#### [YOUR OBJECTIVE]
Return, with both end lines included, exactly what the data below holds from the line with "デルフィニウムと、毎度お茶屋さんからもらうおまけ種、今回は「矢車菊」の種まき。" through the line with "glasmosaik, elfenben, 1xE14/40W/230V", though not the pictures.

#### [MATERIALS PROVIDED]
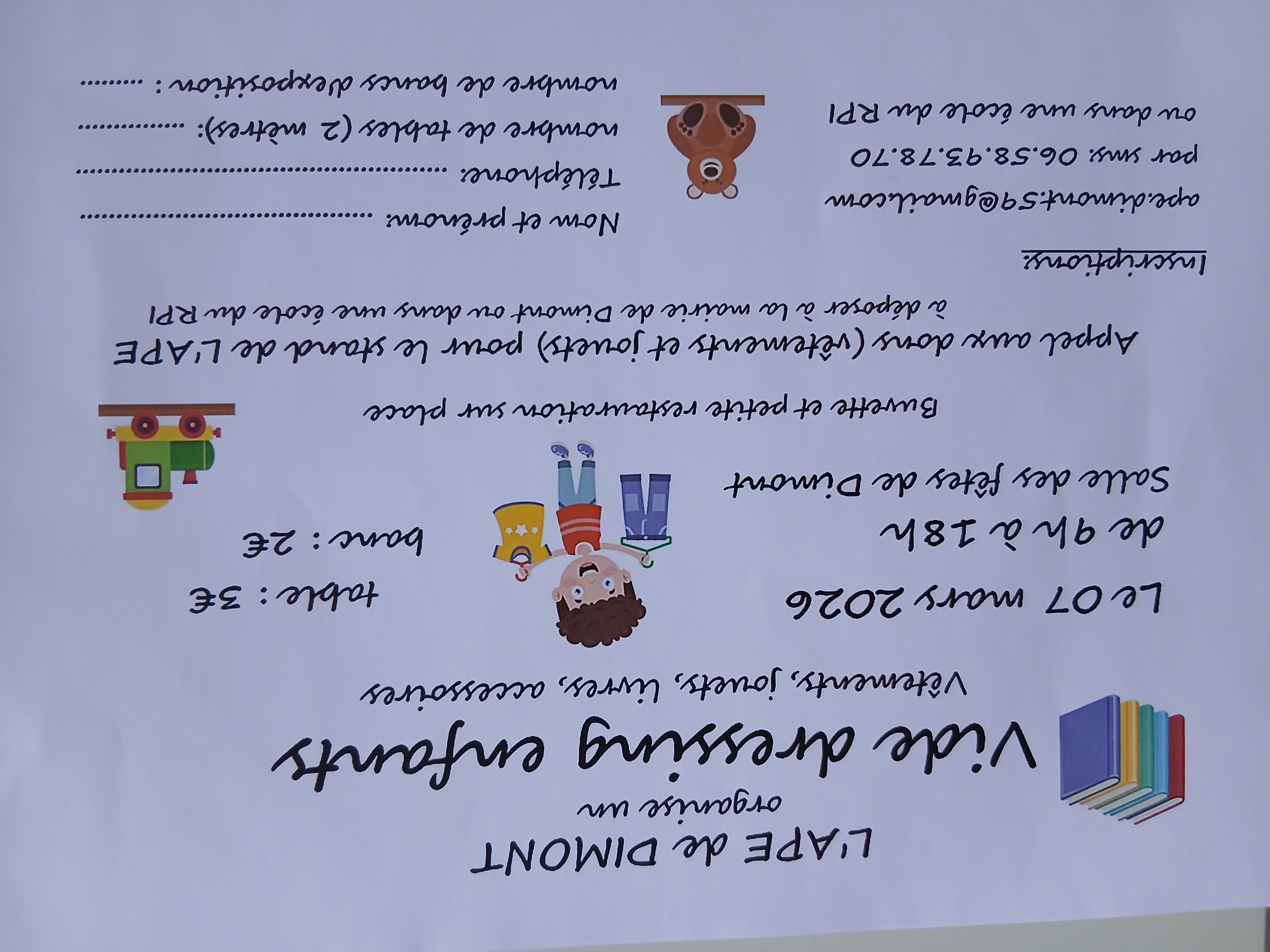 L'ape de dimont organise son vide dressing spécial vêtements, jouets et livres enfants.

...

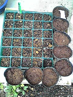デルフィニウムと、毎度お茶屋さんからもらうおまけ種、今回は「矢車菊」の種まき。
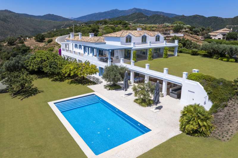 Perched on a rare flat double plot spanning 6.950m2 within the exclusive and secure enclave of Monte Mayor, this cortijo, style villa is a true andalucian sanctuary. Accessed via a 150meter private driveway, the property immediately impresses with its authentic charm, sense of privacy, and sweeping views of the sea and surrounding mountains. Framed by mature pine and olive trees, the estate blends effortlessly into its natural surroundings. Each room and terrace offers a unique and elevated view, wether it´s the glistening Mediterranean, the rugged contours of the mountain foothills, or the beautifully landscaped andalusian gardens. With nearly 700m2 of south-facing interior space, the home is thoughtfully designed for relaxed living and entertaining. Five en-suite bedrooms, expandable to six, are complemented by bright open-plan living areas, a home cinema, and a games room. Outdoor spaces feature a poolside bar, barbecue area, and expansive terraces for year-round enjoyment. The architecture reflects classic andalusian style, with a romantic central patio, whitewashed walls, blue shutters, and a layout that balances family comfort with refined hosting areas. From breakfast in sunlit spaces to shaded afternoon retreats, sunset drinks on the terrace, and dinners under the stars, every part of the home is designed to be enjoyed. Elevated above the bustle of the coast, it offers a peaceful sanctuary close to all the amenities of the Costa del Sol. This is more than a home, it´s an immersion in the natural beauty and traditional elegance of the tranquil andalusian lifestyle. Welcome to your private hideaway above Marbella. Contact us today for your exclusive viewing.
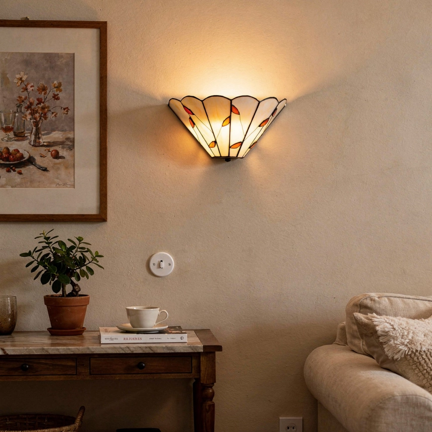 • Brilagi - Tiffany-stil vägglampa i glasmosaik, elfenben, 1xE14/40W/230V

#### [SOLUTION TO THE EXERCISE]
デルフィニウムと、毎度お茶屋さんからもらうおまけ種、今回は「矢車菊」の種まき。
 Perched on a rare flat double plot spanning 6.950m2 within the exclusive and secure enclave of Monte Mayor, this cortijo, style villa is a true andalucian sanctuary. Accessed via a 150meter private driveway, the property immediately impresses with its authentic charm, sense of privacy, and sweeping views of the sea and surrounding mountains. Framed by mature pine and olive trees, the estate blends effortlessly into its natural surroundings. Each room and terrace offers a unique and elevated view, wether it´s the glistening Mediterranean, the rugged contours of the mountain foothills, or the beautifully landscaped andalusian gardens. With nearly 700m2 of south-facing interior space, the home is thoughtfully designed for relaxed living and entertaining. Five en-suite bedrooms, expandable to six, are complemented by bright open-plan living areas, a home cinema, and a games room. Outdoor spaces feature a poolside bar, barbecue area, and expansive terraces for year-round enjoyment. The architecture reflects classic andalusian style, with a romantic central patio, whitewashed walls, blue shutters, and a layout that balances family comfort with refined hosting areas. From breakfast in sunlit spaces to shaded afternoon retreats, sunset drinks on the terrace, and dinners under the stars, every part of the home is designed to be enjoyed. Elevated above the bustle of the coast, it offers a peaceful sanctuary close to all the amenities of the Costa del Sol. This is more than a home, it´s an immersion in the natural beauty and traditional elegance of the tranquil andalusian lifestyle. Welcome to your private hideaway above Marbella. Contact us today for your exclusive viewing.
 • Brilagi - Tiffany-stil vägglampa i glasmosaik, elfenben, 1xE14/40W/230V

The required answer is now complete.